Opening Act(s): Kelis
Setlist:
Elevation, Beautiful Day, Until The End Of The World, New Year’s Day, Kite, Gone, New York, Out Of Control, Sunday Bloody Sunday, Wake Up Dead Man, Stuck In A Moment You Can’t Get Out Of, The Sweetest Thing, Rain-Staring At The Sun, All I Want Is You, Where The Streets Have No Name, Mysterious Ways, Pride (In The Name Of Love). Encore: Bullet The Blue Sky, With Or Without You, One.
Remarks:
At this concert, snippets of ‘Could You Be Loved’ are sung by Bono at the end of ‘Pride’. Technical problems plague ‘One’ and the band leave the stage and don’t return as Herman Brood’s ‘My Way’ plays to a darkened arena.
Media Review:
BBC Manchester Online
U2 at the MEN Arena
by Chris Long
There’s something slightly disappointing about U2 when you finally get to see them live. After so many years of publicity, so many tours, so much hype, it comes as something of a tiny shock when four simple men walk on stage, rather than some sort of eighteen foot rock gods.

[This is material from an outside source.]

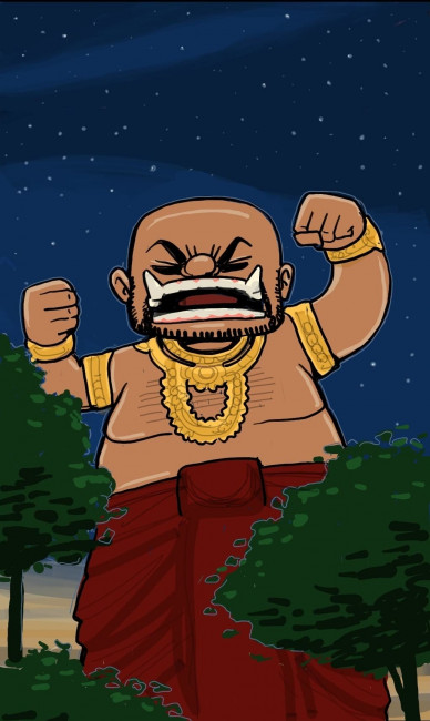 โดยที่ภีมะไม่รู้เลยว่าได้เข้าสู่พื้นที่ป่าที่ชื่อว่า "หิทิมพวนา" ซึ่งเป็นขอบเขตที่อยู่อาศัยของพวกรากษส (ยักษ์) โดยมีรากษสผู้นำชื่อว่า "หิทิมพะ"

It’s a feeling that seems to exist in the group itself. Sure, Bono and the Edge do their best to live up to the expectations, racing round and round the loveheart catwalk stage, whipping their adoring fans into a frenzy, but back at the drum kit, Adam Clayton and Larry Mullen Jr huddle together looking slightly embarressed that they’re merely mortal.

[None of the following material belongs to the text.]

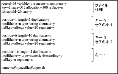 オルタネート コレーティング シーケンス(ACS) | alternate=<y|n> | 適用外 | 大文字小文字を区別する STRING や LSTRING、WSTRING、WZSTRING、ZSTRING キーのみに適用できます。既存ファイルにインデックスを追加作成する際に、そのインデックスでデータ ファイルの最初にある ACS 以外の ACS を使用する場合は、caseinsensitive=y と共に使用します。 |
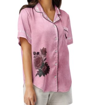 Pink Bordeaux Collection – Short Sleeve Pajama Top Pink with White Pearl

The new songs don’t help. Elevation and Beautiful Day certainly rock like the old stuff, but there’s a sense of trying too hard to recapture something unobtainable, something from the days when they were still in touch with the rest of the world. It’s only when the old favourites get their run out that the tinge of disappoint lifts and the audience remembers why they’re here.

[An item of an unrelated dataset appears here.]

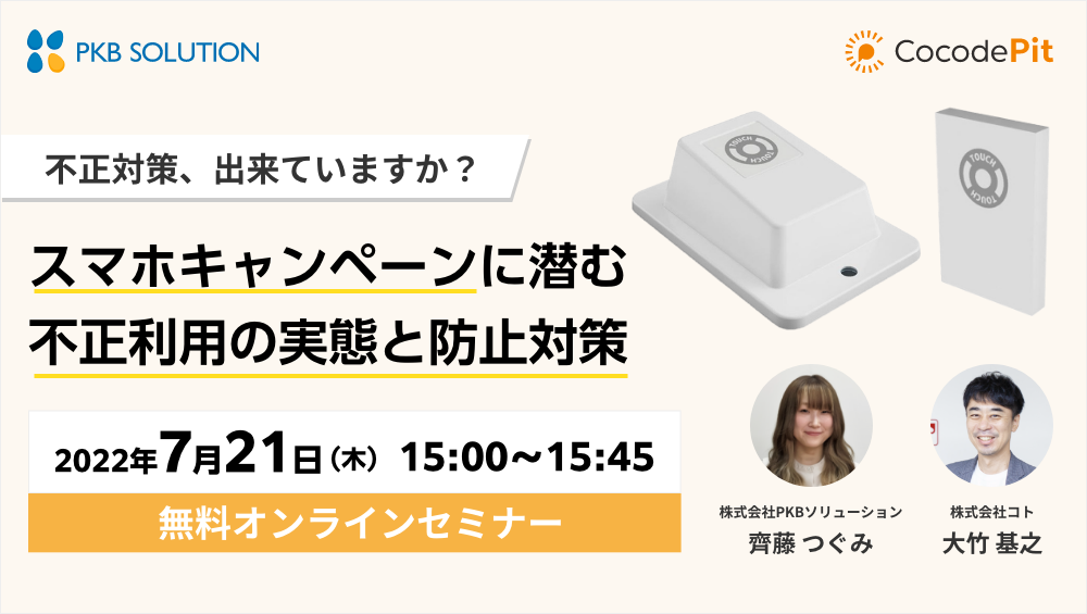 今回のウェビナーでは、「CocodePit」の紹介のほか、実は身近で発生している可能性のあるスマホキャンペーンでの不正実態やその対策方法をご案内します。

Despite having to suffer suitably overblown versions of Mysterious Ways, Sunday Bloody Sunday and a particularly self indulgent Bullet The Blue Sky, there was simply no taking away the sheer brilliance, emotion and passion of Where The Streets Have No Name, All I Want Is You and a fantastic With Or Without You (which also marked the only time the effects and lighting came anywhere near being worth the £40 it cost to get in).
There seems only two choices for Bono and the boys on tonight’s performance; either forget about being the huge rock band U2 and get back to writing from the heart rather than the chord book and rhyming dictionary (Bono should be shot for mole/hole rhyme in Elevation), or forget about new songs and give the audience what most of the people here had come for, U2 circa Rattle and Hum.
Happening verdict: Faraway, so close!